The most common and interesting formats (XLS, XLSX/M, XLSB, ODS) are ultimately ZIP or CFB containers of files.最常见和最有趣的格式(XLS、XLSX/M、XLSB、ODS)最终是文件的 ZIP 或 CFB 容器。 Neither format puts the directory structure at the beginning of the file: ZIP files place the Central Directory records at the end of the logical file, while CFB files can place the FAT structure anywhere in the file!这两种格式都没有将目录结构放在文件的开头:ZIP 文件将中央目录记录放在逻辑文件的末尾,而 CFB 文件可以将 FAT 结构放在文件的任何位置! As a result, to properly handle these formats, a streaming function would have to buffer the entire file before commencing.因此,为了正确处理这些格式,流函数必须在开始之前缓冲整个文件。 That belies the expectations of streaming, so we do not provide any streaming read API.这与流式传输的期望背道而驰,因此我们不提供任何流式读取 API。 If you really want to stream, there are node modules like concat-stream that will do the buffering for you.如果你真的想流式传输,有像 concat-stream 这样的节点模块可以为你做缓冲。
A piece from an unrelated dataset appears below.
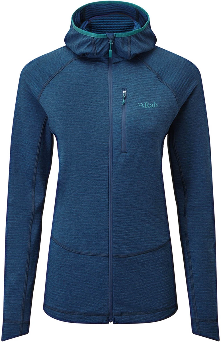 Rab Filamen Hoody Womens je dámská fleesová bunda, která má uvnitř ve fleesu vyfrézovanou strukturu. Díky tomu se v kanálcích drží teplý vzduch, který izoluje, ale logicky nic neváží a nemá objem. Proto je mikina lehká a prodyšná.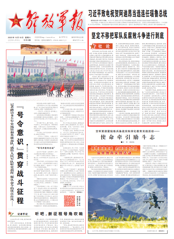 “沉舟侧畔千帆过,病树前头万木春。”人民军队始终是党和人民完全可以信赖的英雄军队。在奋斗建军百年、奋进强军一流的新征程上,全军和武警部队官兵要牢记统帅重托,勇扛时代重任,扎实推进练兵备战和规划任务攻坚,坚决捍卫国家主权、安全、发展利益,以实际行动书写对党和人民的赤胆忠诚。让我们更加紧密地团结在以习近平同志为核心的党中央周围,深刻领悟“两个确立”的决定性意义,增强“四个意识”、坚定“四个自信”、做到“两个维护”,贯彻军委主席负责制,坚定信念、担当使命,踔厉奋发、勇毅前行,把我们党领导的这支英雄军队锻造得更加坚强,为如期实现建军一百年奋斗目标、加快把人民军队建成世界一流军队不懈奋斗。

There are something for writing in streams in xlsx package:有一些东西可以在xlsx包中写入流:

The streaming write functions are available in the XLSX.stream object.流写入函数在 XLSX.stream 对象中可用。 They take the same arguments as the normal write functions but return a readable stream.它们采用与普通写函数相同的参数,但返回可读流。 They are only exposed in node.它们仅在节点中公开。

XLSX.stream.to_csv is the streaming version of XLSX.utils.sheet_to_csv. XLSX.stream.to_csv 是 XLSX.utils.sheet_to_csv 的流媒体版本。
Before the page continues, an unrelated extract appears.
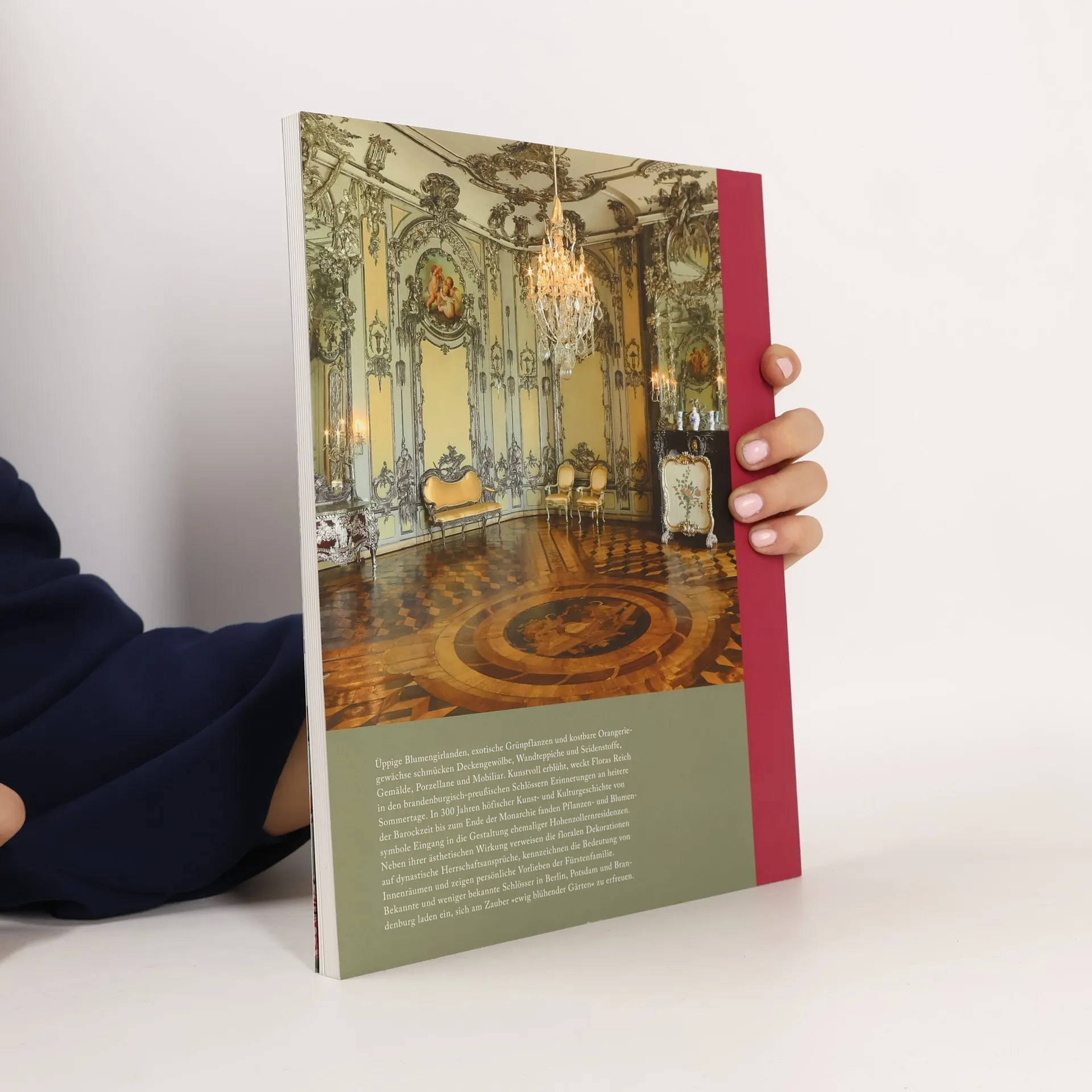Üppige Blumenbouquets, exotische Grünpflanzen und kostbare Orangeriegewächse schmücken Deckengewölbe, Wandteppiche und Seidenstoffe, Gemälde, Porzellane und erlesenes Mobiliar. Kunstvoll erblüht, weckt Floras Reich in den brandenburgisch-preußischen Schlössern Erinnerungen an heitere Sommertage. In 300 Jahren höfischer Kunst- und Kulturgeschichte von der Barockzeit bis zum Ende der Monarchie fanden modische Pflanzen und Blumensymbole Eingang in die Gestaltung der Hohenzollernresidenzen. Neben ihrer ästhetischen Wirkung verweisen die floralen Dekorationen auch auf dynastische Herrschaftsansprüche, prägen die Bedeutung von Innenräumen und zeigen persönliche Vorlieben fürstlicher Schlossbewohner. Noch heute erfreuen die Schlösser mit „ewig blühenden Gärten“ zahlreiche Besucher.

XLSX.stream.to_html is the streaming version of XLSX.utils.sheet_to_html. XLSX.stream.to_html 是 XLSX.utils.sheet_to_html 的流媒体版本。

I have wrote to support asking do Pro version has it and received this answer:我已经写信支持询问Pro版本是否有它并收到了这个答案:

The zip format, used in XLSX, prevents true stream reading (you have to read to the end of the file in order to find out where all of the subfiles are). XLSX 中使用的 zip 格式阻止了真正的流读取(您必须读取到文件的末尾才能找出所有子文件的位置)。 I wouldn't use the extremist language of https://github.com/thejoshwolfe/yauzl#no-streaming-unzip-api but I agree with the core message:我不会使用https://github.com/thejoshwolfe/yauzl#no-streaming-unzip-api的极端主义语言,但我同意核心信息:

Any library that offers a streaming unzip API [is] either dishonest or nonconformant (usually the latter).任何提供流式解压缩 API 的库[都是]不诚实或不符合规范(通常是后者)。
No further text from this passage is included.